| Aim of the task |
Return every record verbatim.

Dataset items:
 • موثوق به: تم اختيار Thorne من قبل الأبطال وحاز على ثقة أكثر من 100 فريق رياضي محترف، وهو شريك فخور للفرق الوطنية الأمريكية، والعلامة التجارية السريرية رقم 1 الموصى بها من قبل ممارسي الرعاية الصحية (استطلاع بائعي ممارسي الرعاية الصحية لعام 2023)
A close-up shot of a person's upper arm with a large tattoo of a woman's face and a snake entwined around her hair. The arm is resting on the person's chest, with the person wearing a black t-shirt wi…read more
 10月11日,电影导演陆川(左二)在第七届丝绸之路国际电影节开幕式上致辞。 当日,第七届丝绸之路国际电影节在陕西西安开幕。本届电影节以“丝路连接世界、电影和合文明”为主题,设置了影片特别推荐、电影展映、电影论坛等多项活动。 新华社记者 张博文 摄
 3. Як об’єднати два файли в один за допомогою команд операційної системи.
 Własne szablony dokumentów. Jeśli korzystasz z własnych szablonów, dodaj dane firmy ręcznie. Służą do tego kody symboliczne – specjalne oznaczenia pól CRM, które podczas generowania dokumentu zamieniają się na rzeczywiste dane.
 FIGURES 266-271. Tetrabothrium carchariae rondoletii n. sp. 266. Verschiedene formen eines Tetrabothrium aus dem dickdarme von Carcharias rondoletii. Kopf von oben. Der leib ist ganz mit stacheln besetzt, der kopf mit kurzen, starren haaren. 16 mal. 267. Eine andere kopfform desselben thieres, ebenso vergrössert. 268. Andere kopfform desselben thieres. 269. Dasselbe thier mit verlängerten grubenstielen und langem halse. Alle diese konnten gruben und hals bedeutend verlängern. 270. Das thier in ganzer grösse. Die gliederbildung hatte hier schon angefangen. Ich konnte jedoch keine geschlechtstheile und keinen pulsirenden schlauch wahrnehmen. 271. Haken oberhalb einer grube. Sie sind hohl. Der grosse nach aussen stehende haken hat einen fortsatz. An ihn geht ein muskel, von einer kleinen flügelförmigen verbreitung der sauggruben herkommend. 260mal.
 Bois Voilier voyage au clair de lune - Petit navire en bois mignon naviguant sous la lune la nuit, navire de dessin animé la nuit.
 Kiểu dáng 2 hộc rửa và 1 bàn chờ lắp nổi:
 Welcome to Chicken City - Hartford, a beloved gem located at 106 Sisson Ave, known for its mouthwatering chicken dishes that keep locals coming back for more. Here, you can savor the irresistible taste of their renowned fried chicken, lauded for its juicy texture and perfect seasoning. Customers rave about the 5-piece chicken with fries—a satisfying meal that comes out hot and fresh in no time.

| Task answer |
 • موثوق به: تم اختيار Thorne من قبل الأبطال وحاز على ثقة أكثر من 100 فريق رياضي محترف، وهو شريك فخور للفرق الوطنية الأمريكية، والعلامة التجارية السريرية رقم 1 الموصى بها من قبل ممارسي الرعاية الصحية (استطلاع بائعي ممارسي الرعاية الصحية لعام 2023)
A close-up shot of a person's upper arm with a large tattoo of a woman's face and a snake entwined around her hair. The arm is resting on the person's chest, with the person wearing a black t-shirt wi…read more
 10月11日,电影导演陆川(左二)在第七届丝绸之路国际电影节开幕式上致辞。 当日,第七届丝绸之路国际电影节在陕西西安开幕。本届电影节以“丝路连接世界、电影和合文明”为主题,设置了影片特别推荐、电影展映、电影论坛等多项活动。 新华社记者 张博文 摄
 3. Як об’єднати два файли в один за допомогою команд операційної системи.
 Własne szablony dokumentów. Jeśli korzystasz z własnych szablonów, dodaj dane firmy ręcznie. Służą do tego kody symboliczne – specjalne oznaczenia pól CRM, które podczas generowania dokumentu zamieniają się na rzeczywiste dane.
 FIGURES 266-271. Tetrabothrium carchariae rondoletii n. sp. 266. Verschiedene formen eines Tetrabothrium aus dem dickdarme von Carcharias rondoletii. Kopf von oben. Der leib ist ganz mit stacheln besetzt, der kopf mit kurzen, starren haaren. 16 mal. 267. Eine andere kopfform desselben thieres, ebenso vergrössert. 268. Andere kopfform desselben thieres. 269. Dasselbe thier mit verlängerten grubenstielen und langem halse. Alle diese konnten gruben und hals bedeutend verlängern. 270. Das thier in ganzer grösse. Die gliederbildung hatte hier schon angefangen. Ich konnte jedoch keine geschlechtstheile und keinen pulsirenden schlauch wahrnehmen. 271. Haken oberhalb einer grube. Sie sind hohl. Der grosse nach aussen stehende haken hat einen fortsatz. An ihn geht ein muskel, von einer kleinen flügelförmigen verbreitung der sauggruben herkommend. 260mal.
 Bois Voilier voyage au clair de lune - Petit navire en bois mignon naviguant sous la lune la nuit, navire de dessin animé la nuit.
 Kiểu dáng 2 hộc rửa và 1 bàn chờ lắp nổi:
 Welcome to Chicken City - Hartford, a beloved gem located at 106 Sisson Ave, known for its mouthwatering chicken dishes that keep locals coming back for more. Here, you can savor the irresistible taste of their renowned fried chicken, lauded for its juicy texture and perfect seasoning. Customers rave about the 5-piece chicken with fries—a satisfying meal that comes out hot and fresh in no time.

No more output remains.